The claim petition stands disposed of on contest.
Enter the result in the relevant Register as well as in the CIS."
10. In course of hearing of argument, Learned Senior
Counsel, Mr. D. R. Chowdhury assisted by Learned Counsel Mr.
S. Sarkar submitted that the Learned Tribunal below without
any basis fastened the liability upon the owner on the ground
that the policy document does not cover the pillion rider. Here
in the case, the deceased was a pillion rider and furthermore,
Learned Tribunal below based upon the charge-sheet came to
the observation that that Kiran Bedi Debbarma proforma OP-
respondent No.3 was the rider of the bike and he had no valid
driving license to ride the bike on that day but the Learned
Tribunal did not consider the evidence adduced by the claimant-
appellant in this case and finally submitted that Learned
Tribunal also came to the observation that as per policy, it is
two-wheeler liability policy covered for third party but there is
no coverage of pillion rider and since the deceased was a pillion
rider so he did not appreciate the evidence on record of the
owner of the motor bike and came to the further observation
that Renu Debbarma was not connected with the case and since
the owner has violated the terms and conditions of Insurance
Police so he has to indemnify the entire compensation to the
appellant which was not in accordance with law because
according to Learned Senior Counsel, the pillion rider is also
entitled to get compensation and the Insurance Company is
liable to pay the entire compensation to the appellant.
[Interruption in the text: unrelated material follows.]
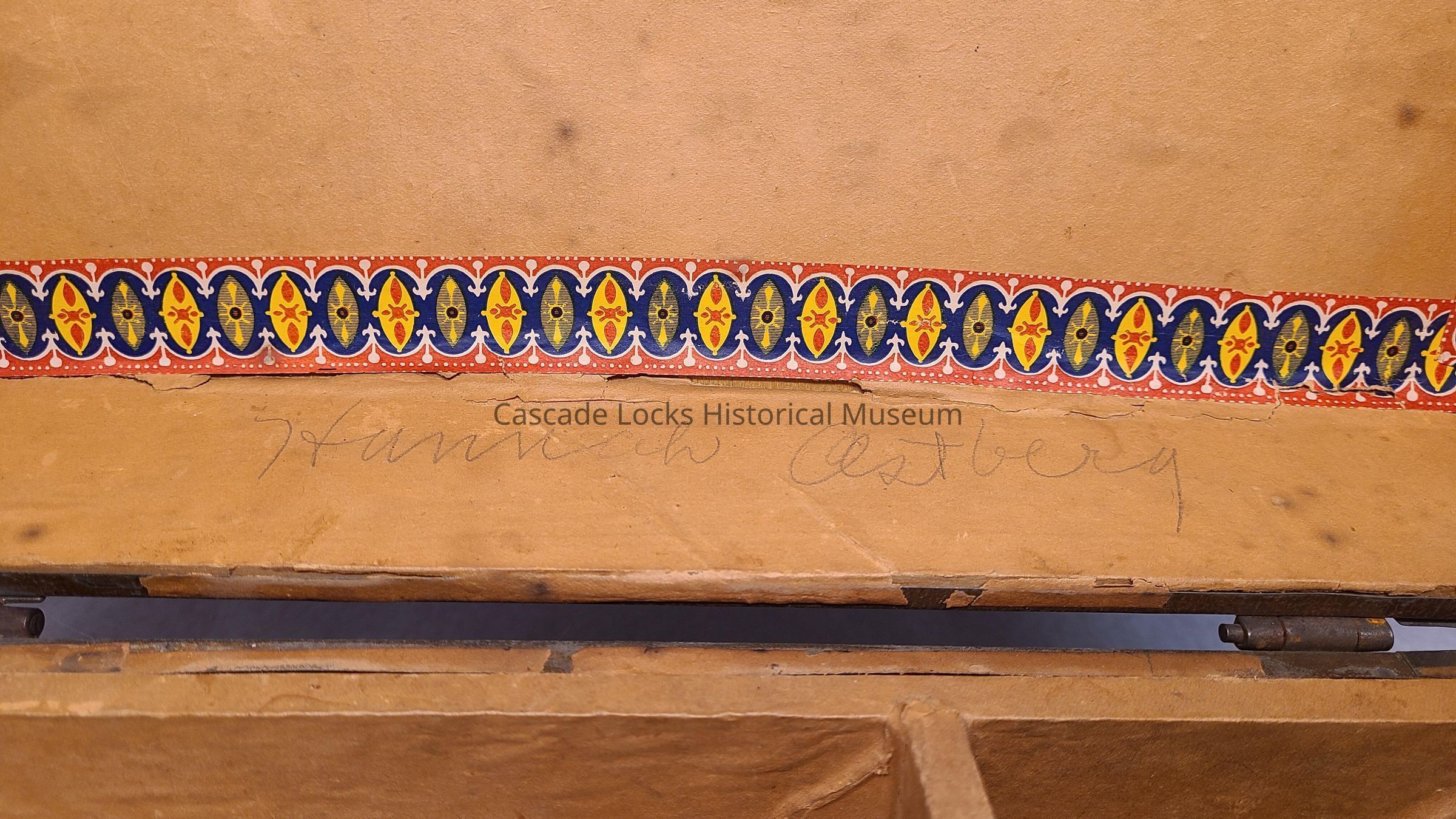 The inside of the trunk is tan with colorful boarder of red, yellow, green, blue, and black.

11. Learned Senior Counsel Mr. T. D. Majumder
submitted that the findings of the Learned Tribunal are not in
accordance with law because the Learned Tribunal fastened the
liability of entire payment of compensation upon the owner of
the vehicle leaving the Insurance Company. But according to
Learned Senior Counsel, the pillion rider will also get
compensation under 'comprehensive policy' so the OP-
respondent-Insurance Company be asked to indemnify the
entire compensation to the owner.
12. Learned Counsel Mr. G. S. Das for the Insurance
Company countered the submissions made by Learned Senior
Counsel for the claimant as well as Learned Senior Counsel for
the owner of the offending bike and submitted that as per terms
of policy, the policy was not a comprehensive policy rather it
was act policy/package policy as such the Insurance Company
is not liable to make any payment of compensation to the
claimant-appellant in this case and submitted that Learned
Tribunal below rightly determined the amount of compensation
and fastened the liability upon the owner of the offending motor
bike and urged for dismissal of both the appeals upholding the
award/judgment of the Learned Tribunal below.
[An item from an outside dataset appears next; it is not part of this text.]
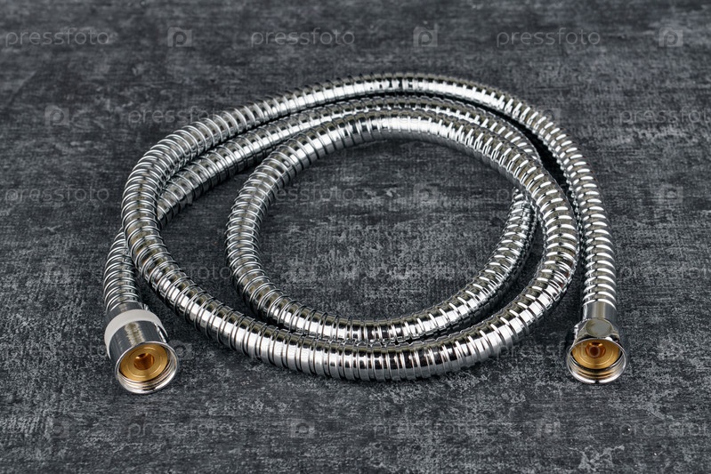 Железный водяной шланг для душа на сером фоне, крупным планом

13. I have gone through the entire record of the
Learned Tribunal below and also heard detailed arguments of
the Learned Counsel of the rival parties. There is no dispute on
record in respect of death of deceased Hiranmala Debbarma
due to road traffic accident on the alleged day although she
succumbed to her injuries later on at Kolkata after the accident.
The police in the connected case submitted charge-sheet
against Kabir Bedi Debbarma proforma OP-respondent-3
showing him as absconder but from the paper book, it appears
that in the criminal trial he has been acquitted from the charge
levelled by the prosecution against him.
On the other hand, the claimant-appellant took
the plea that on the alleged day one Renu Debbarma was the
driver of the offending motor bike but the learned Tribunal
below did not accept that contention rather came to the
observation that Kabir Bedi Debbarma was the rider of the bike
and he had no valid driving license and fastened the liability
upon the owner since he violated the terms of policy.
14. The Insurance Company before the Learned
Tribunal submitted the written statement. In the written
statement, it was not submitted anything by the Insurance
Company that the pillion rider is not entitled to get any
compensation as per terms of the policy of the offending bike
bearing no.TR-01-G-4748 and accordingly, during the trial on
behalf of the Insurance Company one Mr. Suman Das appeared.
He tried to support his version in the written statement
submitted by the Insurance Company and in the affidavit, he
also submitted that the Insurance policy of the motor bike was
in the name of husband of the deceased as two-wheeler liability
only policy and as per policy, pillion rider does not cover and no
premium was paid as a coverage of pillion rider except the
coverage for triple liability third party and in absence of
package policy the pillion rider does not cover. So, the
insurance company is not liable to indemnify any compensation
on behalf of the owner. In course of hearing of argument,
Learned Counsel only raised their voice on the ground that
pillion rider is not entitled to get compensation as per terms of
the policy.
15. In support of the contention, Learned Senior
Counsel for the appellant relied upon the following judgments:
In Ashok vs. Narmada Bai and anr. dated
15.09.1998 reported in 2000 ACJ 553, wherein in para nos.4
and 12, Madhya Pradesh High Court observed as under:
"4. Section 128 of the Motor Vehicles Act, 1988 permits carrying of one person apart from driver on a two-seated motor cycle. So sitting on the pillion seat by Dinesh while appellant Ashok was driving, was permissible in law. It is expected that the motor cycle could be used by a driver and one more person sitting on the pillion seat.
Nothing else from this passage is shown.